RandomWOW/doc/vm.md
2018-12-31 19:27:31 +01:00

4.8 KiB

RandomX virtual machine

RandomX is intended to be run efficiently on a general-purpose CPU. The virtual machine (VM) which runs RandomX code attempts to simulate a generic CPU using the following set of components:

Imgur

Dataset

The VM has access to a read-only dataset which has a size of 4 GiB and changes every ~34 hours. See dataset.md for details how the dataset is generated.

MMU

The memory management unit (MMU) interfaces the CPU with the external memory. The purpose of the MMU is to translate the random memory accesses generated by the random program into a DRAM-friendly access pattern, where memory reads are not bound by access latency. The MMU accepts a 32-bit address addr and outputs a 64-bit value from the dataset. The dataset is read mostly sequentially. On average, there is one random read for every 8192 sequential reads. An average program reads a total of 4 MiB of the dataset and has 64 random reads.

The MMU uses two internal registers:

  • ma - Address of the next quadword to be read from memory (32-bit, 8-byte aligned).
  • mx - A 32-bit counter that determines if the next read is sequential or random. After each read, the read address is XORed with the counter and if bits 3-15 of the register are zero, bits 0-2 are cleared and the value of the mx register is copied into register ma. Thus, all random reads are aligned to a 64 KiB block boundary.

When the value of the ma register is changed to a random address, the memory location can be preloaded into CPU cache using the x86 PREFETCH instruction or ARM PRFM instruction. Implicit prefetch should ensure that sequentially accessed memory is already in the cache.

Scratchpad

The VM contains a 256 KiB scratchpad, which is accessed randomly both for reading and writing. The scratchpad is split into two segments (16 KiB and 240 KiB). 75% of accesses are into the first 16 KiB.

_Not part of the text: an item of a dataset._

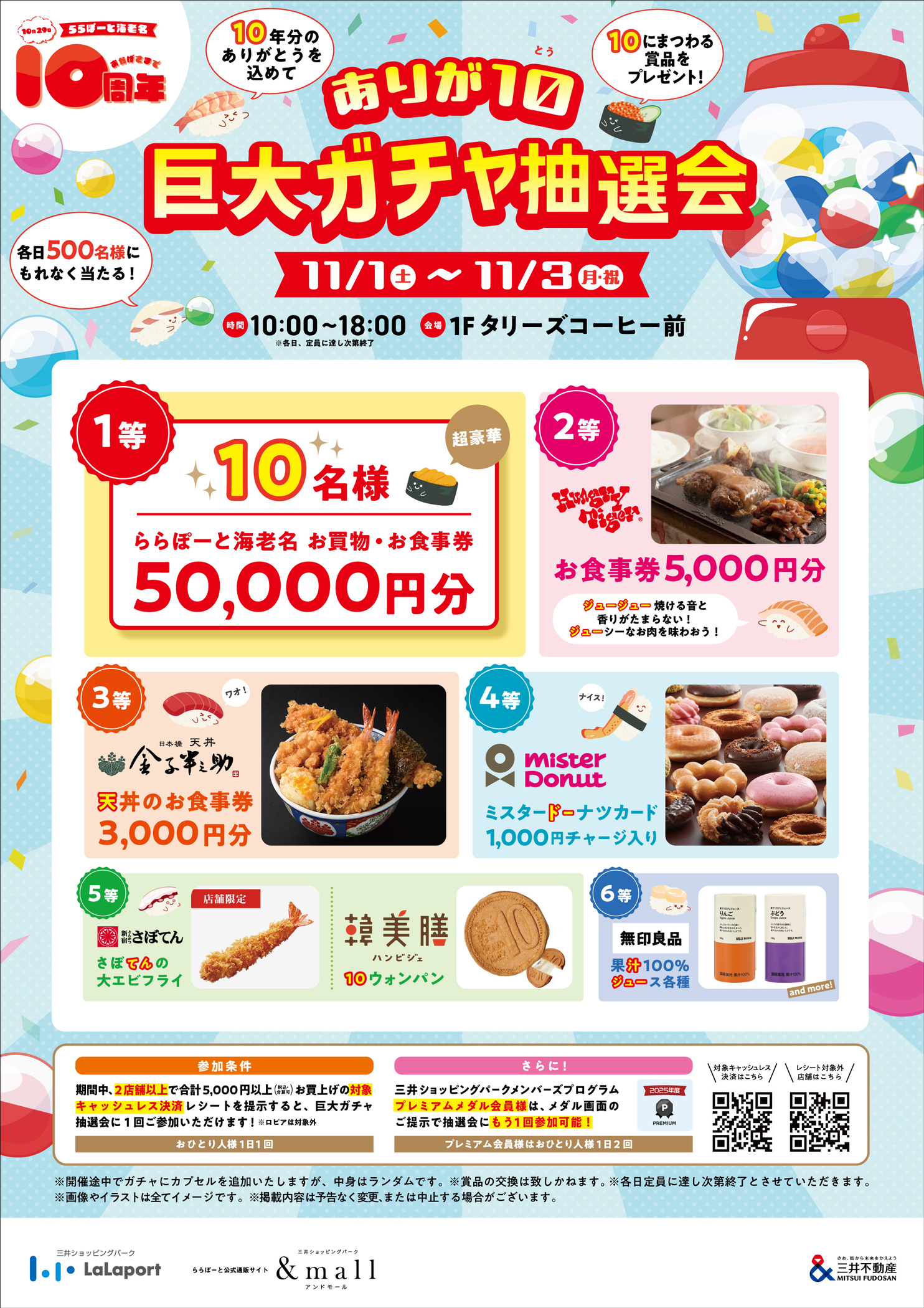 LaLaport海老名10 週年紀念感謝 10 個巨型扭蛋抽獎☆彡

The scratchpad access pattern mimics the usual CPU cache structure. The first 16 KiB should be covered by the L1 cache, while the remaining accesses should hit the L2 cache. In some cases, the read address can be calculated in advance, which should limit the impact of L1 cache misses.

Program

The actual program is stored in a 8 KiB ring buffer structure. Each program consists of 512 random 128-bit instructions. The ring buffer structure makes sure that the program forms a closed infinite loop.

For high-performance mining, the program should be translated directly into machine code. The whole program will fit into the L1 instruction cache and hot execution paths should stay in the µOP cache that is used by newer x86 CPUs. This should limit the number of front-end stalls and keep the CPU busy most of the time.

Control unit

The control unit (CU) controls the execution of the program. It reads instructions from the program buffer and sends commands to the other units. The CU contains 3 internal registers:

  • pc - Address of the next instruction in the program buffer to be executed (64-bit, 8 byte aligned).
  • sp - Address of the last element on the stack (64-bit, 8 byte aligned).
  • ic - Instruction counter contains the number of instructions to execute before terminating. The register is decremented after each instruction and the program execution stops when ic reaches 0.

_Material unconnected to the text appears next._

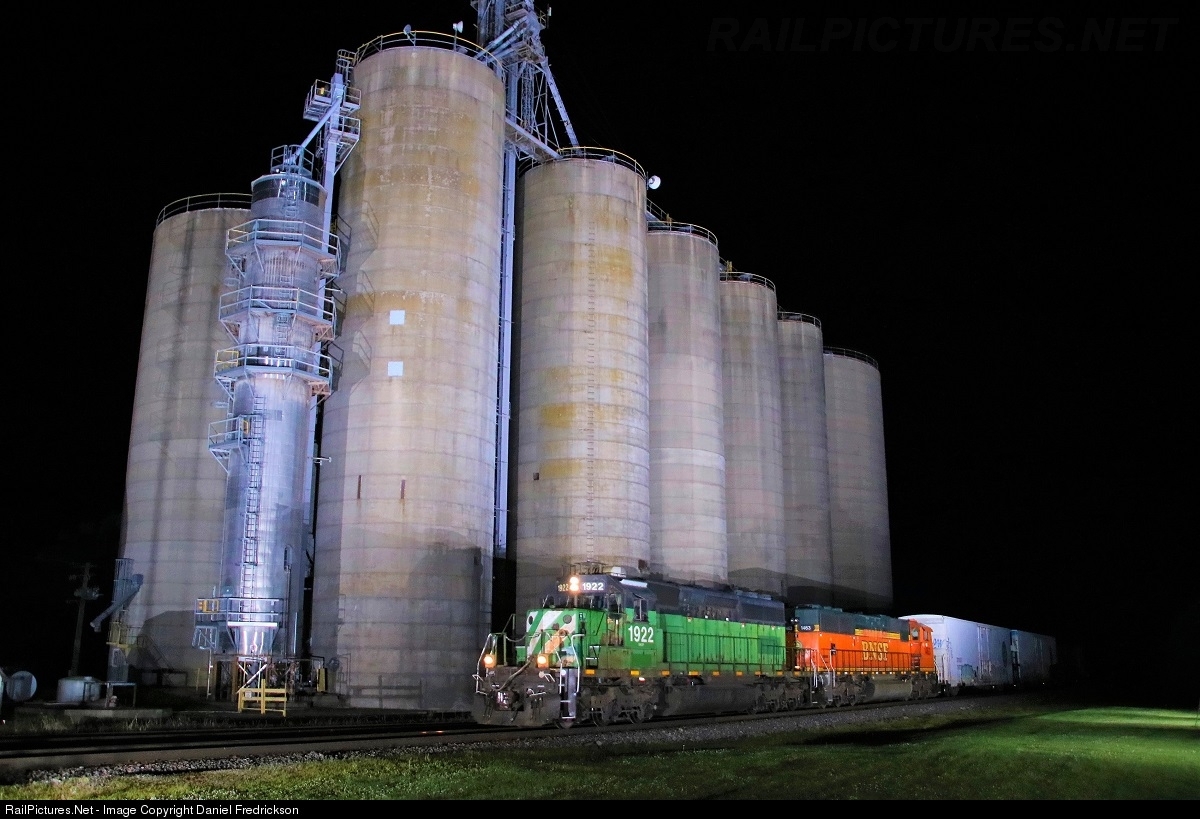 BN still lives! BNSF 1922, an SD40-2 still sporting its Cascade Green paint scheme, leads BNSF local R-CHI472 past the towering grain elevators in the small community of Chana, IL, a few miles east of Oregon, where the local had just finished working. Good to see one of these on the mainline, as most are confined to working in yards.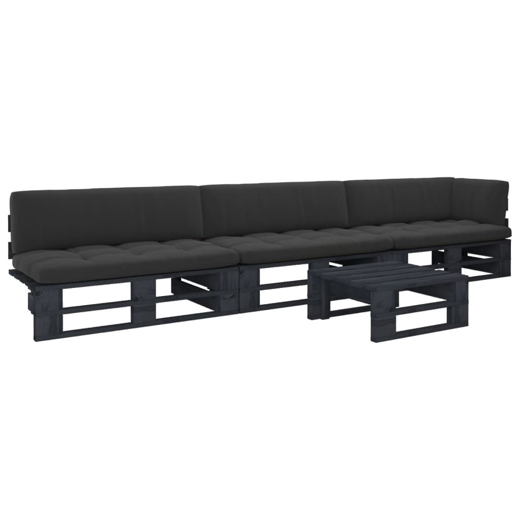 4-cz. zestaw wypoczynkowy z palet, z poduszkami, czarny, sosna

Fixed number of executed instructions ensure roughly equal runtime of each random program.

Stack

To simulate function calls, the VM uses a stack structure. The program interacts with the stack using the CALL and RET instructions. The stack has unlimited size and each stack element is 64 bits wide.

Although there is no explicit limit of the stack size, the maximum theoretical size of the stack is 16 MiB. Most programs will use around 4 KiB of stack.

Register file

The VM has 8 integer registers r0-r7 and 8 floating point registers f0-f7. The integer registers are 64 bits wide. The floating point registers are 128 bits wide and each stores two packed double precision numbers.

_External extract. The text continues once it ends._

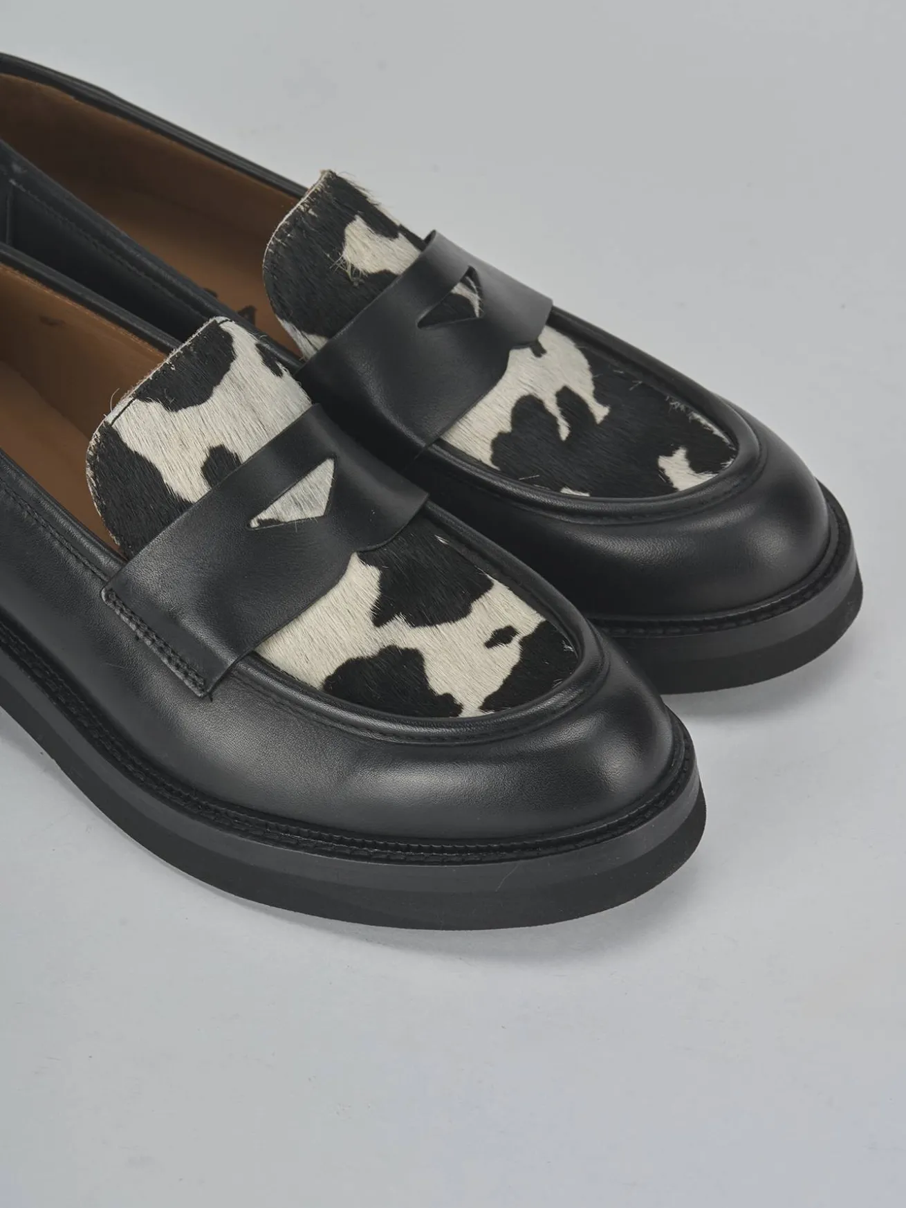 Il fondo in gomma e il soletto interno in vera pelle assicurano una calzata confortevole per tutto il giorno.
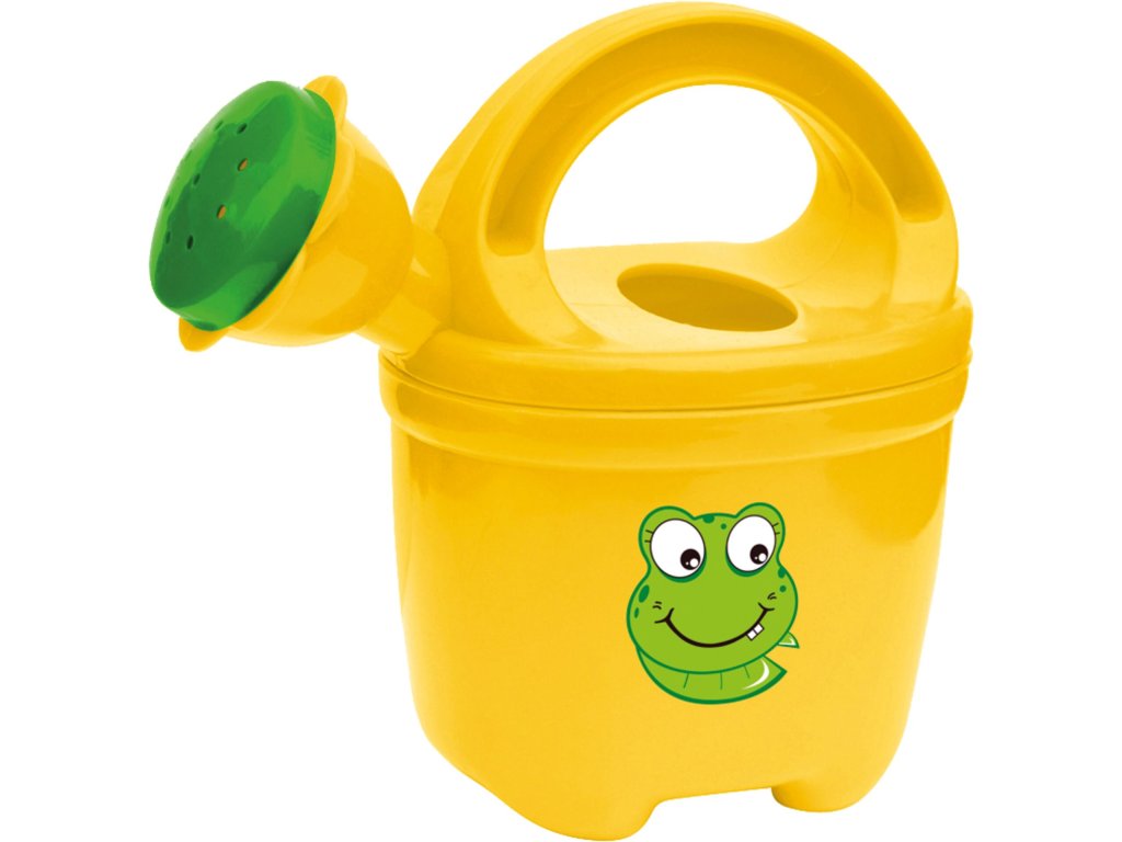 Dětská plastová konvička s kropítkem - žlutá barva konvičky s obrázkem s dětským motivem.

The number of registers is low enough so that they can be stored in actual hardware registers on most CPUs.

ALU

The arithmetic logic unit (ALU) performs integer operations. The ALU can perform binary integer operations from 7 groups (addition, subtraction, multiplication, division, bitwise operations, shift, rotation) with operand sizes of 64 or 32 bits.

FPU

The floating-point unit performs IEEE-754 compliant math using 64-bit double precision floating point numbers. Five basic operations are available: addition, subtraction, multiplication, division and square root. All operations work with two packed double precision numbers.

Binary encoding

The VM stores and loads all data in little-endian byte order. Signed integer numbers are represented using two's complement.